[What you should do]:
Nothing but the text should be carried over: reproduce all the data exactly and leave out every image.

[Data for analysis]:
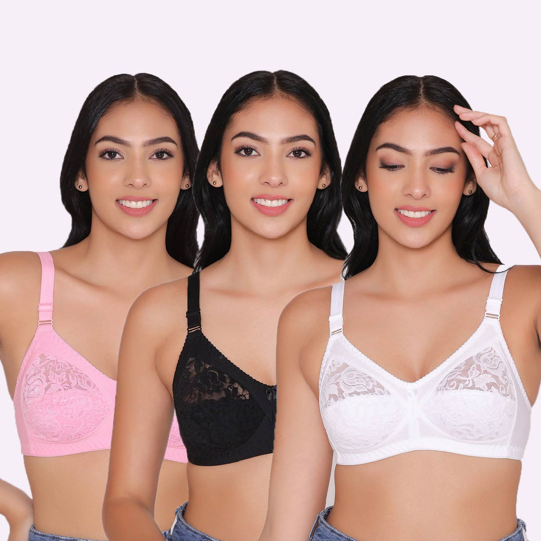 Women's Non Padded Non Wired Full Coverage Bra with No Spillage (Pack of 3)-ELSA
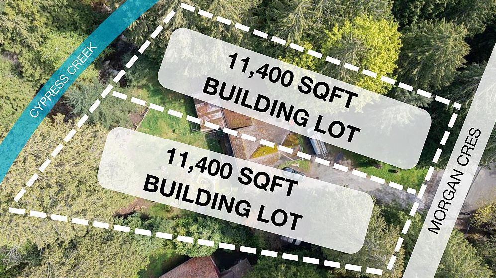 An unprecedented opportunity in prestigious West Vancouver. 4363 Morgan Crescent offers a magnificent, amalgamated land holding of 22,800 sq. ft., comprising of 2 district approved ready-to-build lots (11,400 sq. ft. each).This inviolable, prime location boasts a desirable flat topography and is discreetly enveloped by a lush private greenbelt, ensuring future residences enjoy unparalleled seclusion. An existing three-bedroom dwelling provides interim revenue via a month-to-month tenancy, facilitating an astute "hold and develop" strategy.The locale is sublime: a mere saunter to Stearman Beach and Isetta Cafe. High-calibre amenities, including Cypress Park Primary, tennis courts, and a baseball field. a truly prime opportunity to create an architectural masterpiece.
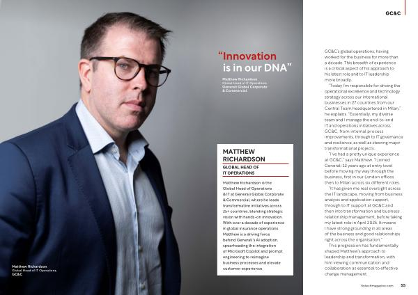 “ I’ ve had a pretty unique experience at GC & C,” says Matthew.“ I joined Generali 12 years ago at entry level before moving my way through the business, first in our London offices then to Milan across six different roles.
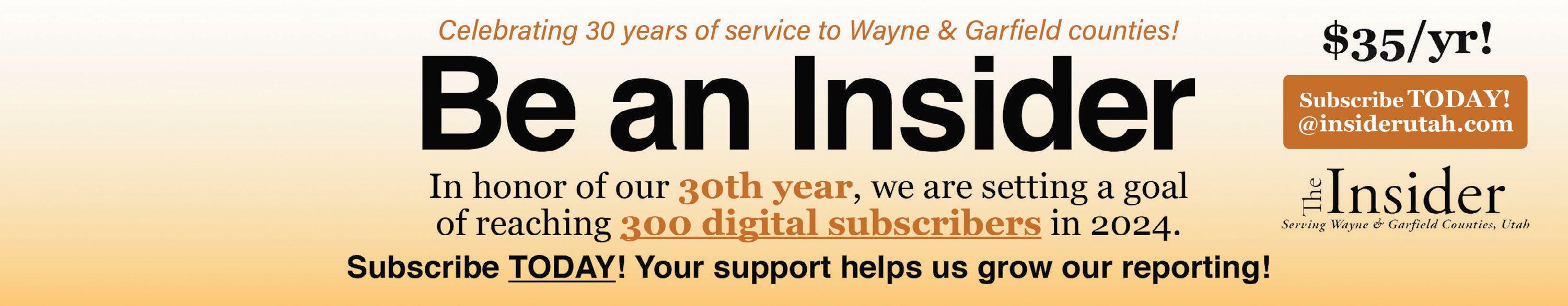 This means we have a ways to go to reach our goal. Digital subscriptions are just $35 per year, and with that you get something new! Our weekly email newsletter and full access to content on our Web site, insiderutah.com. Will you be among our new subscribers this week? Our goal is 5 for this week. That could be you!
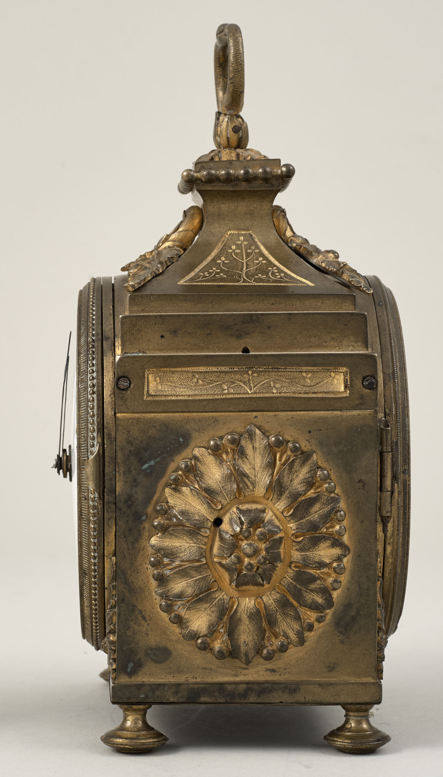 Zegar stojący prostopadłościenny w stylu empire z uchwytem u góry. Zdobiony jest nakładanymi motywami roślinnymi, wsparty na czterech nóżkach w kształcie wazonów. Skrzynka mechanizmu jest dekorowana motywami girland laurowych i rozetek, zakończona antabką w kształcie węża (uroboros) z ogonem w pysku, który bez przerwy pożera samego siebie i odradza się z siebie, co starożytności symbolizowało jedność duchową i fizyczną wszechrzeczy, która nigdy nie zanika i trwa w nieskończoność w formie ciągłej destrukcji i odradzania się. Duża, biała, wypukła tarcza została wykonana z porcelany z czarnymi cyframi arabskimi. Mechanizm posiada system „Retard - Avant" (litery „R” „A”), oznaczało kierunek regulacji. Jeśli zegar się śpieszył, to należało przesunąć w stronę Retard, a jeśli późnił - w stronę Avant. W Łańcucie był używany jako zegar gabinetowy.

[Exercise result]:
 Women's Non Padded Non Wired Full Coverage Bra with No Spillage (Pack of 3)-ELSA
 An unprecedented opportunity in prestigious West Vancouver. 4363 Morgan Crescent offers a magnificent, amalgamated land holding of 22,800 sq. ft., comprising of 2 district approved ready-to-build lots (11,400 sq. ft. each).This inviolable, prime location boasts a desirable flat topography and is discreetly enveloped by a lush private greenbelt, ensuring future residences enjoy unparalleled seclusion. An existing three-bedroom dwelling provides interim revenue via a month-to-month tenancy, facilitating an astute "hold and develop" strategy.The locale is sublime: a mere saunter to Stearman Beach and Isetta Cafe. High-calibre amenities, including Cypress Park Primary, tennis courts, and a baseball field. a truly prime opportunity to create an architectural masterpiece.
 “ I’ ve had a pretty unique experience at GC & C,” says Matthew.“ I joined Generali 12 years ago at entry level before moving my way through the business, first in our London offices then to Milan across six different roles.
 This means we have a ways to go to reach our goal. Digital subscriptions are just $35 per year, and with that you get something new! Our weekly email newsletter and full access to content on our Web site, insiderutah.com. Will you be among our new subscribers this week? Our goal is 5 for this week. That could be you!
 Zegar stojący prostopadłościenny w stylu empire z uchwytem u góry. Zdobiony jest nakładanymi motywami roślinnymi, wsparty na czterech nóżkach w kształcie wazonów. Skrzynka mechanizmu jest dekorowana motywami girland laurowych i rozetek, zakończona antabką w kształcie węża (uroboros) z ogonem w pysku, który bez przerwy pożera samego siebie i odradza się z siebie, co starożytności symbolizowało jedność duchową i fizyczną wszechrzeczy, która nigdy nie zanika i trwa w nieskończoność w formie ciągłej destrukcji i odradzania się. Duża, biała, wypukła tarcza została wykonana z porcelany z czarnymi cyframi arabskimi. Mechanizm posiada system „Retard - Avant" (litery „R” „A”), oznaczało kierunek regulacji. Jeśli zegar się śpieszył, to należało przesunąć w stronę Retard, a jeśli późnił - w stronę Avant. W Łańcucie był używany jako zegar gabinetowy.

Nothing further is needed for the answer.